The Harness/Runtime × backend routing

Runtime × backend routing

The two orthogonal axes — runtime and compute backend — the resulting matrix, the per-tokenId selection precedence, and why launched agents always route to Hermes on 0g-compute.

A Slopstock agent's behavior is set by two independent choices: which runtime wraps the model call, and which backend the call physically goes to. These are orthogonal — any runtime can sit on any backend — and the router resolves both, per tokenId. The source of truth is the operator's runtime/index.ts.

Two orthogonal axes

The first axis is the runtime — the layer above the LLM call:

hermes — the full stateful harness: the task loop, tools, skills, and three-layer memory described across the rest of this section.
openai-compat — a single-shot LLM call wrapped in the same runtime interface. Stateless: no loop, no tools, no skills, no memory.

The second axis is the compute backend — where the call physically goes:

0g-compute — routed through 0G's compute SDK for sealed, TeeML-verified inference inside an Intel TDX (or H100/H200) enclave. This is the sealed inference path that yields an attestation.
openai-compat — plain HTTP to any OpenAI-shaped endpoint (Ollama, OpenRouter, and the like). Unsealed; the attestation slot in the receipt is empty by design.

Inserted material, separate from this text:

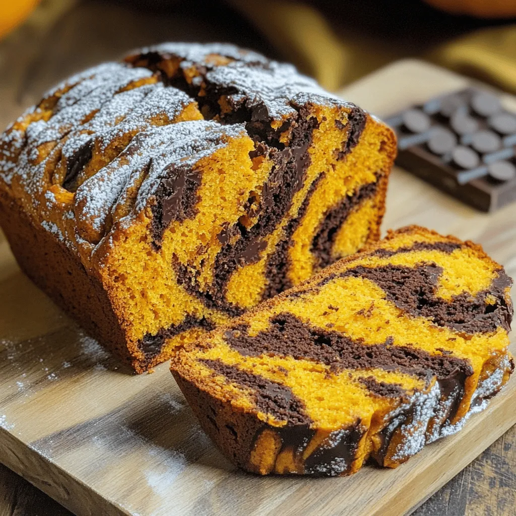 This Pumpkin Chocolate Marble Bread is not just tasty; it’s simple too. You start with basic ingredients. You need pumpkin puree, which gives it a moist texture. Brown sugar adds a rich flavor, while granulated sugar gives sweetness. Vegetable oil keeps the bread soft. Eggs and vanilla extract help bind everything together and add taste.

Because the axes are independent, the runtime kind and the backend kind compose freely — which is exactly what the matrix below enumerates.

The matrix

runtime ↓ / backend →

0g-computesealed, TEE-attested (Intel TDX / H100/H200)

openai-compatany OpenAI-shaped HTTP endpoint

hermesstateful loop · tools · skills · memory

Full harness on sealed inference — the production path for launched agents (deepseek-v4-flash on 0G mainnet).

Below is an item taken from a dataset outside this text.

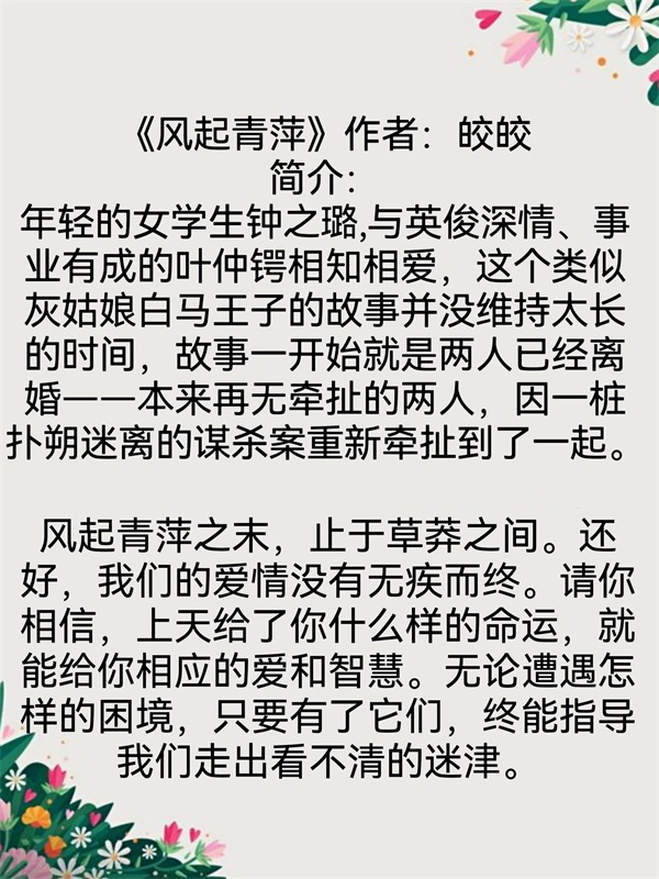 书评:男主叶仲锷,女主钟之璐,破镜重圆的悬疑文。

Full harness on a plain endpoint — local/dev (Ollama, OpenRouter). Stateful, unsealed.

openai-compatsingle-shot LLM call, stateless

One sealed call, no state — cheap attested inference without the agent loop.

One plain call — the simplest baseline.

Selection per tokenId: RUNTIME_BY_TOKEN_ID → AGENT_RUNTIME → BACKEND_BY_TOKEN_ID → COMPUTE_BACKEND. Launched agents always route to hermes on 0g-compute.

The cell that matters in production is hermes × 0g-compute: the full harness on sealed inference. The other three cells exist for development and for cheaper modes — the harness on a plain endpoint (stateful but unsealed, good for local iteration), a single sealed call with no agent loop (cheap attested inference), and a single plain call (the simplest baseline).

Selection precedence

For a given tokenId the router resolves the runtime, then the backend, each with an env override that falls back to a global default:

Choice	Per-token override	Global fallback
Runtime	`RUNTIME_BY_TOKEN_ID`	`AGENT_RUNTIME`
Backend	`BACKEND_BY_TOKEN_ID`	`COMPUTE_BACKEND`

Runtime resolves before backend, and each axis independently prefers its per-token override before falling back to the global default. The chosen backend is held inside the runtime instance. Hermes runtimes are built per-token (state is per-token), each with its own backend; openai-compat runtimes are stateless, so the router caches and shares them by backend kind rather than constructing one per token.

Launched agents

There is one override that sits above the precedence table. Agents minted through /launch live in a dynamic registry, and their config — runtime, model, system prompt — comes from that registry, not from the static env. For every such agent the rule is fixed: launched agents always route to Hermes on 0g-compute, on the single shared 0G compute v4 backend (deepseek-v4-flash on 0G mainnet). The router seeds the agent's system prompt into its data dir and returns a fresh HermesAgentRuntime on the sealed backend — deliberately not cached, because the registry can change at runtime.

The production path is not configurable

Static env-driven agents can be pointed at any cell of the matrix for development. A launched agent cannot: it is always the full harness on sealed inference. That is the combination that makes a Slopstock agent both an improving brain and a provable one — the harness for competence, 0g-compute for the attestation.